At 8:00 PM, Frank was wheeled down the aisle, soon to be joined by Anne. They beamed at the twenty family members in attendance, who also donning their finest P.J.s out of solidarity for the couple. The minister (and family friend) officiated the proceedings, his robe for this occasion was made of terry cloth, covering a cozy t-shirt and flannels bottoms.
It was a night filled with extreme emotions. The bride and groom were happy and sorrowful; they looked longingly and desperately into each other's eyes; the guests cried tears of joy and grief; there was elation in the moment and a lingering fear of the future.

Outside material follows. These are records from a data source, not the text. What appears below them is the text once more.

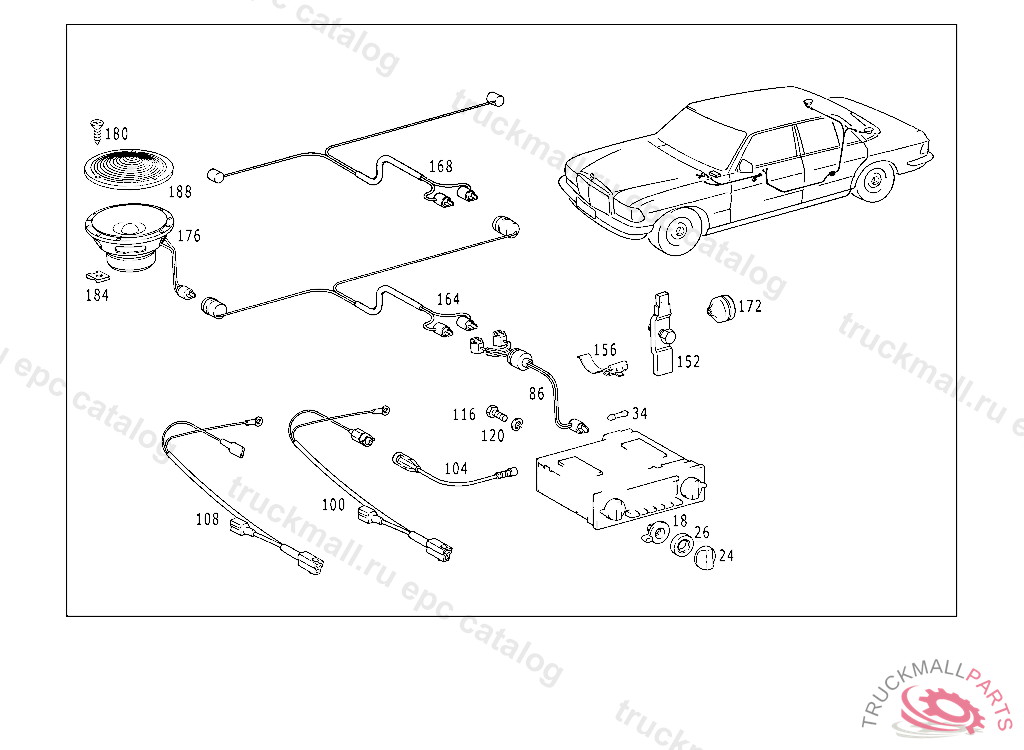ELECTRIC CABLE LOUDSPEAKER CONNECTION CABLE, FROM CHASSIS 116.020 037452 116.024,025 039538 116.028,029 025862 116.032,033 034710
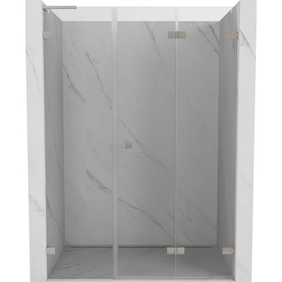 Specifikace produktu: Velikost: 150x200 cm Strana montáže: Pravá Vstup: Skládací Barva skla: Transparentní Dokončení: Kartáčovaný nikl Profil: Hliníkový Stabilizátor L: Nerezová...
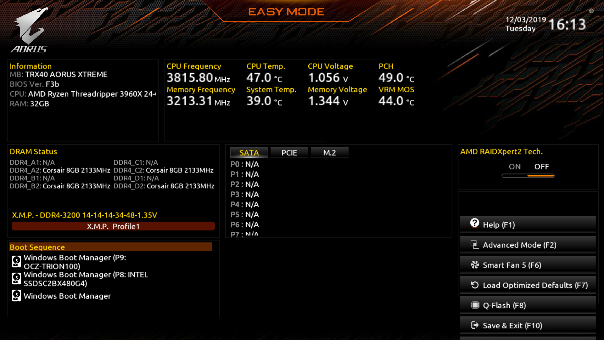 Стоит отметить, что оба вентилятора (на радиаторе от TRX40 и на радиаторе у задней панели) не доставляют дискомфорта. Хоть чипсетный и достигал 1950 оборотов в минуту, но шума особо не было слышно, да частенько он выключался. А вентилятор на «заднем» радиаторе вообще практически не включался (он настроен на пороговые температуры нагрева около 65 °C).
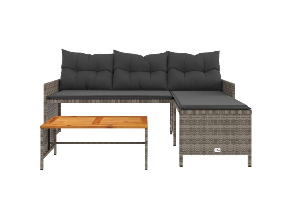 Zahradní pohovka ve tvaru L stolek a podušky šedá polyratan 365582
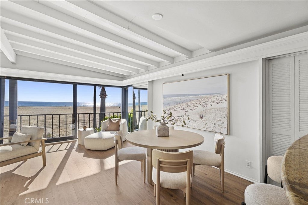An extraordinary opportunity to own an oceanfront triplex perfectly positioned along the Newport Beach boardwalk, offering panoramic coastal views and an unmatched beachside lifestyle. The property consists of three spacious residences each thoughtfully designed with comfort, functionality, and coastal living in mind. The upper front residence is filled with natural light and features a living room with dramatic skylights, wood floors, and abundant storage. The kitchen includes stainless steel appliances, granite counters, and oceanview sightlines. A second living room showcases a fireplace with a masonry wall and hearth, vaulted beamed ceilings, a Juliette balcony, and sweeping beach and ocean views. The layout includes two bedrooms, a full bath with tub and shower, a laundry room with sink, a walk-in shower, and a spacious skylit walk-in closet. An upper loft with an office area leads to a rooftop deck ideal for enjoying coastal breezes and sunset vistas. The front lower residence sits directly along the boardwalk and includes a generous patio overlooking the sand. The living room features walls of glass capturing ocean panoramas and a fireplace with a masonry surround. The kitchen offers a breakfast bar and expansive counter space. Three bedrooms include a primary suite with an adjoining bath, providing excellent flexibility for guests or long-term use. The back residence offers a private retreat with a Dutch door entry, a wetsuit rack, a cozy dinette, and a living room with a fireplace. The bedroom includes an attached bath, and a balcony creates a peaceful outdoor escape. A central courtyard connects the homes, and an oversized three-car garage with a communal laundry room and additional bath completes this exceptional offering. Whether as a legacy property, income-producing asset, or multi-generational retreat, this oceanfront triplex combines location, lifestyle, and iconic boardwalk frontage. Positioned steps from Marine Park and minutes from dining, recreation, and Newport’s coastal amenities, it presents a rare opportunity to own a versatile, prominently located property, an offering seldom available on the Newport shoreline.

The crowning event of the night occurred when Frank mustered up the energy to dance with his bride, then dug even deeper within to find his lost singing voice, serenading her with one of his own ballads.
It was a surreal evening, filled with poignancy. It felt like we were all in the same dream or on a movie set. Perhaps at any moment, a director, lurking behind a camera would yell out, "Cut! Good job everyone. See you all tomorrow." Tomorrow we would all be back to normal. And Anne would be at work. And Frank would be volunteering at McNally House, travelling from room to room, singing songs and brightening the day of each patient.
I was at a funeral in December.
It was a beautiful celebration of all things Frank. Anne gave the eulogy for her husband of four weeks; he was a gentleman, a traditionalist and a hopeless romantic. His voice, full of life and passion filled the church as another reminder that, in the end, it's all about the love. It can only be about the love.